Transcribe the listing in full, excluding any pictures.

-- Input data --
* * * * * * * * *

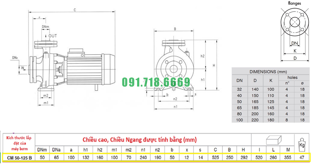 Thông số kỹ thuật bơm li tâm trục ngang đường thoát đầu vào ra Dn65 model CM50-125B
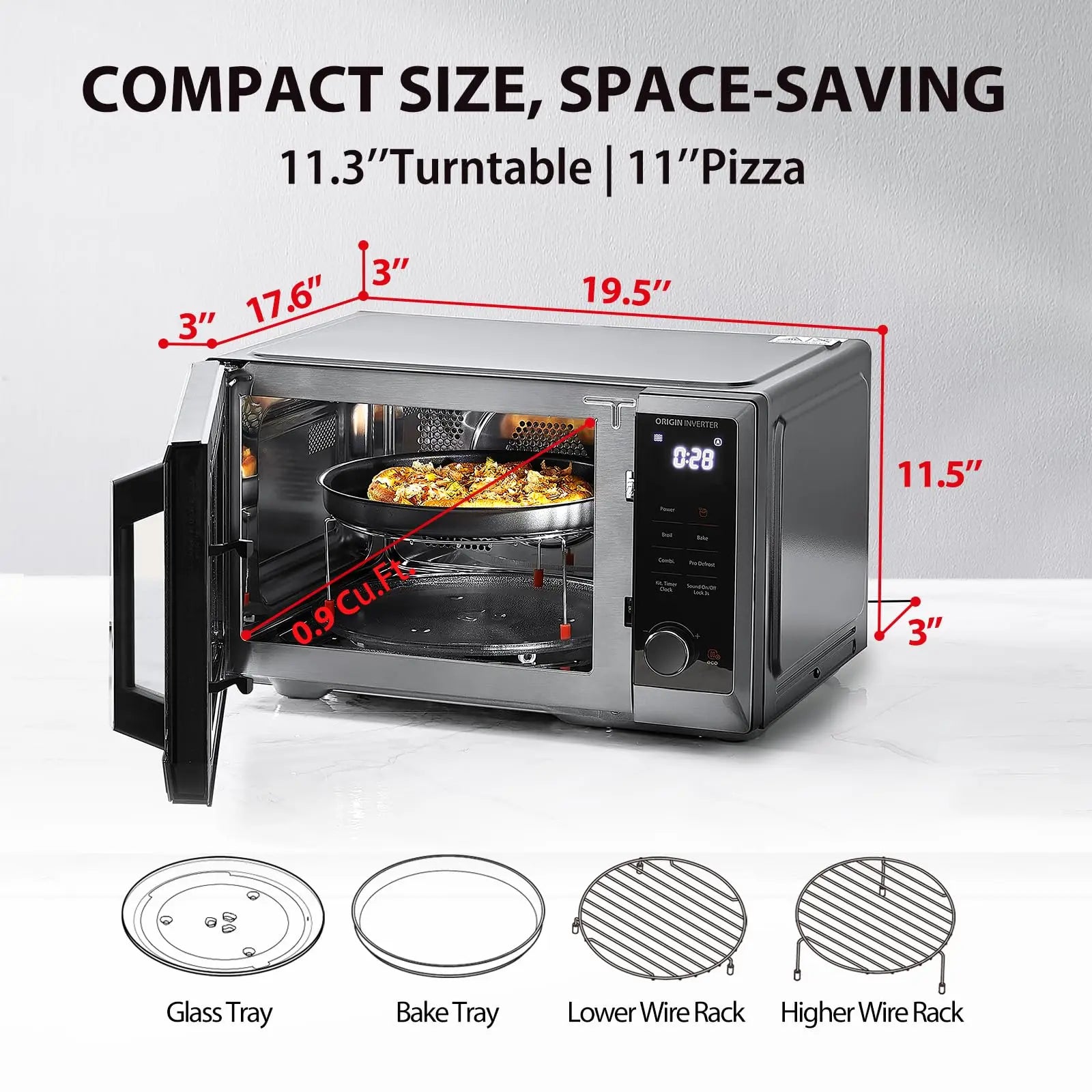 External dimensions: 19.5"W x 17.6"D x 11.5"H with 11.3" turntable. Perfect for any kitchen countertop while providing ample cooking space.
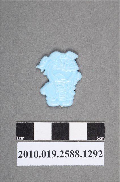 1.本物件為卡通哆啦A夢(小叮噹)之哆啦A夢尪仔仙。硬質塑膠材質,扁平,單一不透明藍色,雙面浮雕圖案,兩面圖案相同。圖案為打扮成日本武士的哆啦A夢,綁有頭帶,頭帶中間有圖案,額頭前有2片瀏海,後腦杓綁1撮頭髮,張嘴笑,腰間插有1把刀,其右手往上舉。

* * * * * * * * *

-- The completed task --
 Thông số kỹ thuật bơm li tâm trục ngang đường thoát đầu vào ra Dn65 model CM50-125B
 External dimensions: 19.5"W x 17.6"D x 11.5"H with 11.3" turntable. Perfect for any kitchen countertop while providing ample cooking space.
 1.本物件為卡通哆啦A夢(小叮噹)之哆啦A夢尪仔仙。硬質塑膠材質,扁平,單一不透明藍色,雙面浮雕圖案,兩面圖案相同。圖案為打扮成日本武士的哆啦A夢,綁有頭帶,頭帶中間有圖案,額頭前有2片瀏海,後腦杓綁1撮頭髮,張嘴笑,腰間插有1把刀,其右手往上舉。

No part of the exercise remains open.